Capital One sued once again for deceptive interest rate increases

Capital One corporate signage

The Capital One class action lawsuit, revived on appeal, accuses the credit card company of deceptive lending and unfair competition. Flickr photo.

Raising credit card interest rates on customers without telling them has gotten Capital One in trouble, again. A class action lawsuit accusing Capital One of violating the Truth in Lending Act by raising credit card interest rates without warning was dismissed by a federal judge earlier. But the 9th Circuit reinstated the Capital one class action lawsuit July 22. New credit card rules enacted earlier this year make arbitrary interest rate increases illegal.

Capital One class action lawsuit

The Capital One class action lawsuit accuses the credit card company of unfair competition and deceptive lending for raisingĀ  credit card interest rates without giving consumers “clear and conspicuous” warnings. The Courthouse News Service reports that after having the credit card for three and a half years and complying with the terms of the contract, lead plaintiff Raquel Rubio claimed her credit card interest rate suddenly more than doubled.

Capital One reserves the right to deceive you

Rubio sued Capital One for breach of contract, violation of the Truth In Lending Act and unfair competition. A federal judge dismissed the class action, ruling that Capital One satisfies its obligation to be clear and truthful by stating that the rates and fees were subject to change. Capital One reserved the right to “amend or change any part of your Agreement, including periodic rates and other charges, or add or remove requirements … at any time.”
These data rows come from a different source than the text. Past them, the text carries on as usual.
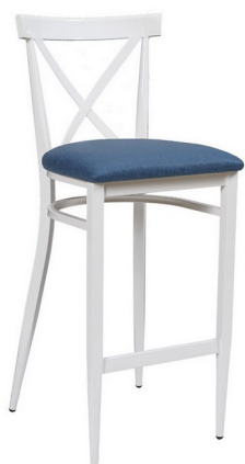
Blanco/ P.U. Azul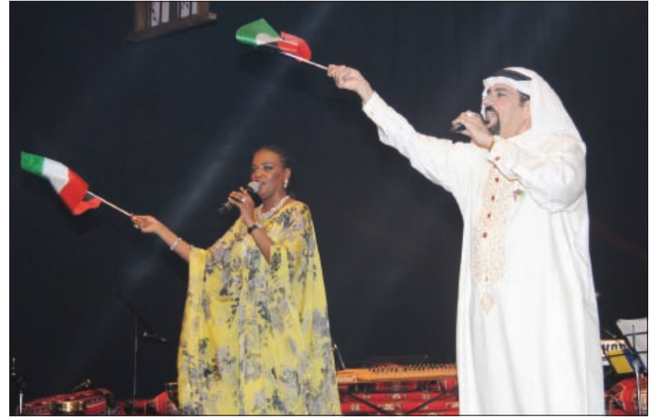
القصار وفطومة وشيلات وطنية بحب الكويت وآل الصباح

في اليوم الثالث لـ «الموسيقى الدولي» الـ 16 وعلى خشبة «الدسمة»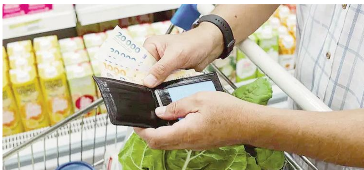
La inflación de marzo saltó al 3,4% y sacude el bolsillo.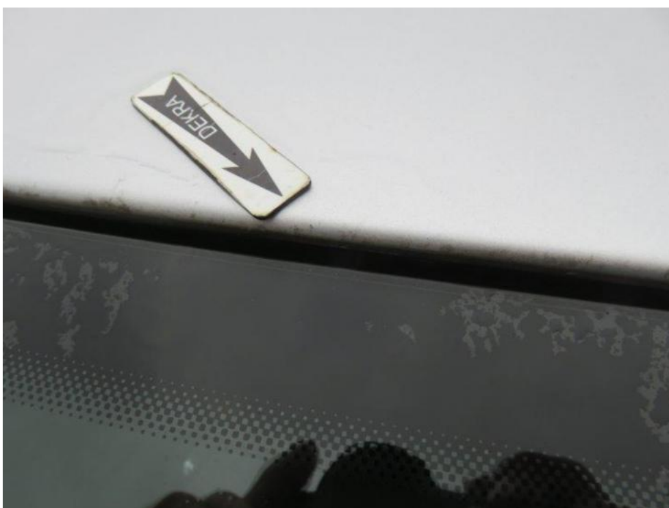
Fot. 38. dach

Capital One buries deception in fine print

The Capital One class action lawsuit was revived on appeal. A three-judge panel ruled that Capital One can’t represent that the rates are “fixed” if they are not. Reuters reports that Rubio had accepted a February 2004 mail solicitation from Capital One that offered a credit card with a 6.99 percent rate on balance transfers and purchases. The solicitation included a required table that said in 10-point type that the rate could rise if Rubio missed a payment, exceeded her credit limit or had a payment returned. But in eight-point type on the same page, it also said terms were “subject to change,” and a cardholder agreement that Rubio received the next month said Capital One could “amend or change any part” of her agreement “at any time.” Capital One raised Rubio’s rate in August 2007 to 15.99 percent though she had not triggered any of the conditions warranting a hike.